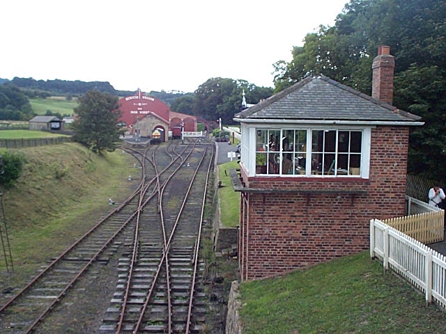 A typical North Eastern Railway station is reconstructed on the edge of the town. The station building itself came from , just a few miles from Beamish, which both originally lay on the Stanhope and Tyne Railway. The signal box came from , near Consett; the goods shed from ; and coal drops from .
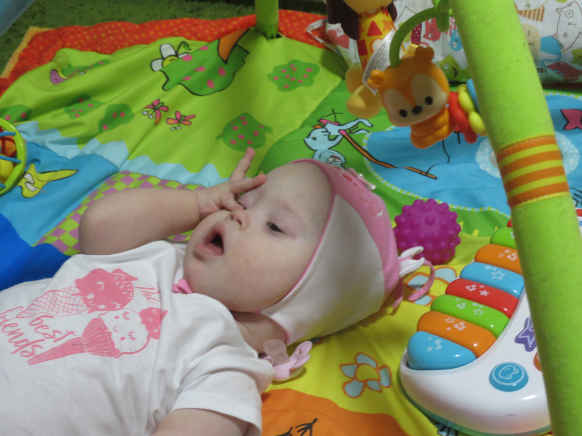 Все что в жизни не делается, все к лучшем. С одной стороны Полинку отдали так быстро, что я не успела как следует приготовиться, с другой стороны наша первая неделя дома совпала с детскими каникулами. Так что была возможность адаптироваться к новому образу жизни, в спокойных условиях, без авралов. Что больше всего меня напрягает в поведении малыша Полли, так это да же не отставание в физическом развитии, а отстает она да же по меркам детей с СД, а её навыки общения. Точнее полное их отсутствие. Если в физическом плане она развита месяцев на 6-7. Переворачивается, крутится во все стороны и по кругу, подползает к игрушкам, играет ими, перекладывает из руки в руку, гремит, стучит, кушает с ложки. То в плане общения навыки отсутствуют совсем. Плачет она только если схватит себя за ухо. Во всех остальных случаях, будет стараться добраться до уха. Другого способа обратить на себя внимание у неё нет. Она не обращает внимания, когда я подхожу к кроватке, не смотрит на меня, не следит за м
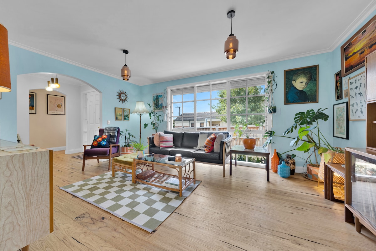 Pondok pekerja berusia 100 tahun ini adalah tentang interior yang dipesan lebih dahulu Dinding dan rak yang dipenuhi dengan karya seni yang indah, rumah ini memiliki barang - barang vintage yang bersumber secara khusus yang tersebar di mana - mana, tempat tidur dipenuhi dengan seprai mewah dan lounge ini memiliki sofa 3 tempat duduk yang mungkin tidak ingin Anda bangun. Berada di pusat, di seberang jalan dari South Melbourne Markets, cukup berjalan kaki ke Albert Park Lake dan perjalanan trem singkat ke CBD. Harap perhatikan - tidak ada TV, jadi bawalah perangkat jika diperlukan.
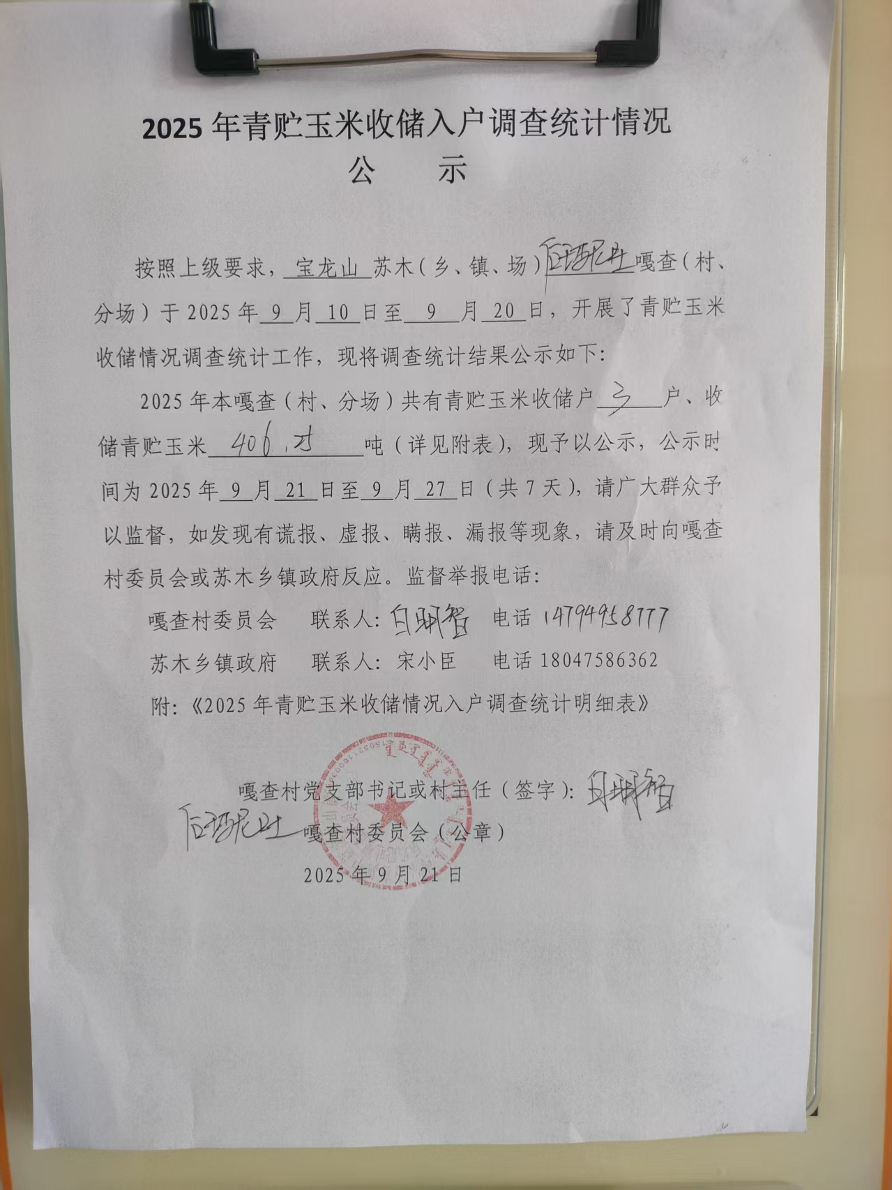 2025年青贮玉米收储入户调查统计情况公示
-*-*-
■ Problem ■
Print exactly, and only, the lines from the line containing "Pondok pekerja berusia" to the last line of the material above, with every picture left out.

■ Solution for this task ■
 Pondok pekerja berusia 100 tahun ini adalah tentang interior yang dipesan lebih dahulu Dinding dan rak yang dipenuhi dengan karya seni yang indah, rumah ini memiliki barang - barang vintage yang bersumber secara khusus yang tersebar di mana - mana, tempat tidur dipenuhi dengan seprai mewah dan lounge ini memiliki sofa 3 tempat duduk yang mungkin tidak ingin Anda bangun. Berada di pusat, di seberang jalan dari South Melbourne Markets, cukup berjalan kaki ke Albert Park Lake dan perjalanan trem singkat ke CBD. Harap perhatikan - tidak ada TV, jadi bawalah perangkat jika diperlukan.
 2025年青贮玉米收储入户调查统计情况公示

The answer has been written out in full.